Удручённый смертью Ивана Семёновича, где-то далеко за полночь вошёл я в барак, сел на свою постель и просидел до утра, не смыкая глаз.

Как я уже говорил, кроме старушки-матери у Ивана Семёновича никого не было. Покойный не раз говорил мне: «…Если со мной что-нибудь случится, не сообщай ей. Пусть старушка живёт надеждой, это гораздо лучше, чем безнадёжность».

Я оказался единственным человеком, который мог оплакивать смерть и скорбеть о нём.

До истечения срока оставалось 5 лет. Надо было во что бы то на стало выжить ради встречи с родными, близкими, ради того, чтобы ещё раз побывать на родине и отомстить Гамзату.

Я испытывал мучительную тяжесть полного одиночества среди массы людей. Мне не хотелось ни с кем заводить дружбу ибо я был уверен или просто мне казалось, что такого друга, как Иван Семёнович, не найти.

По своему характеру, несмотря на общительность с окружающими, я с трудом сближаюсь с людьми, а уж коли сближусь, с трудом расстаюсь.

Помню, когда я был мальчишкой, у меня была собака Див, из породы кавказских овчарок.

Я принёс её щенком и не расставался с ней. Див сопровождал меня в школу, приходил встречать ко времени окончания уроков. В ожидании меня садился неподалеку от ворот и поглядывал на ребят, гурьбой вываливающихся из дверей. Вытянув морду, видимо, втягивая воздух, он не отрывал глаз от ворот и терпеливо ожидал моего появления. Иногда, балуясь, я нарочно прятался от своего четвероногого друга, желая испытать, уйдёт он, в конце концов, или нет – но Див упрямо ждал. Если же он случайно обнаруживал меня за дверью или забором, тут же поднимался, бежал ко мне и, недоумённо глядя в мои глаза, извинительно скаля зубы, вроде бы хотел спросить: «что все это значит?»

Где бы мы не играли, куда бы не уходили в воскресные дни и каникулярное время, Див непременно сопровождал меня и был участником наших игр и шалостей.

И вдруг однажды, зимним утром, нашёл Дива мёртвым в конуре. Переживанию моему не было предела. С трудом отсидел я в тот день на уроках, а после окончания мы с друзьями и соседским мальчишками завернули Дива в мешок, вывезли за город и похоронили в лощине. С тех пор я не заводил собак, боясь привязаться и снова испытать горечь утраты. Ведь собаки живут 10–15 лет.

В лагерях, где серые стандартные будни ползут медленно, как грозовые тучи по безветренному небу, не только годы, но и месяцы кажутся бесконечно длинными.

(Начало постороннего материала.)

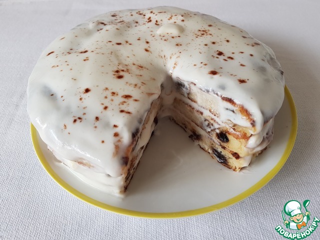 Последующие пышки складывать друг на друга стопочкой, также смазывая сметаной/йогуртом, пересыпая сахаром - получается этакий тортик.

Но как бы там не было, а время шло. И чем ближе становился последний день срока, тем тягостнее казалось чувство нетерпеливости. Отбыв срок, как говорится «от звонка до звонка», я не почувствовал той естественной радости и понятного облегчения, которые испытывает человек и, наверное, все живые существа, вырвавшиеся на волю.

Я не сомневался в том, что снова окажусь здесь или в другом месте ссылок. И эту неописуемую тяжесть жизни, к которой привык, как к постоянной боли, буду переносить гораздо легче после отмщения – потому что буду знать, за что сижу, и не только знать, но и торжествовать, как смертельно ранений победитель, дорого отплативший за свою жизнь.

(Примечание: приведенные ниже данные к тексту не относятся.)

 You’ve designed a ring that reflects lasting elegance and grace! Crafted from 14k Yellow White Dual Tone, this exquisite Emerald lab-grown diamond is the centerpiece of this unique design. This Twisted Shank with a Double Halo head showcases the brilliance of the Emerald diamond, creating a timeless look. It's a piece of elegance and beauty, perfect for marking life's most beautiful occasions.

Все эти годы не я не писал писем родным, а, следовательно, и от них не получал. Не сообщил я и о днях освобождения и приезда – потому что ещё не решил, покажусь близким или исчезну, поразив врага в спину под покровом ночи.

Но с каждым часом ощущение блаженства свободы и радости встречи с родными и близкими становились острее, и планы рушились.

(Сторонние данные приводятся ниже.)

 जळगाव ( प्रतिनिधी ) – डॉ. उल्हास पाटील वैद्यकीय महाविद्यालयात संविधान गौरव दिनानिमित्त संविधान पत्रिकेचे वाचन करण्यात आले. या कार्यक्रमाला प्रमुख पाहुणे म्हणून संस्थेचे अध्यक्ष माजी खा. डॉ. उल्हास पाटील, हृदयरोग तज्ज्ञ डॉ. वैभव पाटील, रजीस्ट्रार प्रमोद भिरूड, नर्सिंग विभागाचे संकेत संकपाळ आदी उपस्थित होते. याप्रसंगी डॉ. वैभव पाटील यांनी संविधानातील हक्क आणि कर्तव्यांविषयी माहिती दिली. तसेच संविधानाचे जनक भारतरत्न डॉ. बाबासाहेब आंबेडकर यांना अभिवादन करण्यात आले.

В своём решении я не колебался, вот только время исполнения решил немного оттянуть, чтобы побыть хоть немного с теми, кого горячо любил и по ком истосковался до изнеможения. Какими они теперь стали: мать, дети, жена? Может, они потеряли веру в моё возвращение и смирились с горькой мыслью утраты – но нет, неизвестность согревает, теплит надежду.

Свобода! Истинную цену ей может знать только тот, кто был её лишён, и привыкаешь к ней не сразу – хотя и легче, чем к неволе.

Освободившись, я вернулся домой в 47-м году.

Бесконечно долгий путь в обратном направлении тоже был нелёгок. Нелёгок потому, что люди, встречные и попутчики, догадывались или видели во мне бывшего узника.

Я потерянно ощущал на себе их взгляды – сочувствующие, презирающие, настороженные, недоверчивые, и от этого мне становилось тяжело. Потому я старался забиться в какой-нибудь угол или влезть на самую верхнюю багажную полку – в особенности, когда пассажиры раскрывали свои саквояжи, корзины, чемоданы со снедью.

Конечно же, я истосковался и по домашней пище и, как всякий полуголодный человек, остро ощущал запах съестного.

И, как поётся в песенке, «ехали мы ехали, ехали мы ехали и, наконец, приехали…»

В родной город я постарался прибыть вечерним поездом. Поздно вечером, войдя с бьющимся от волнения сердцем в знакомый двор, я тихо постучал в двери.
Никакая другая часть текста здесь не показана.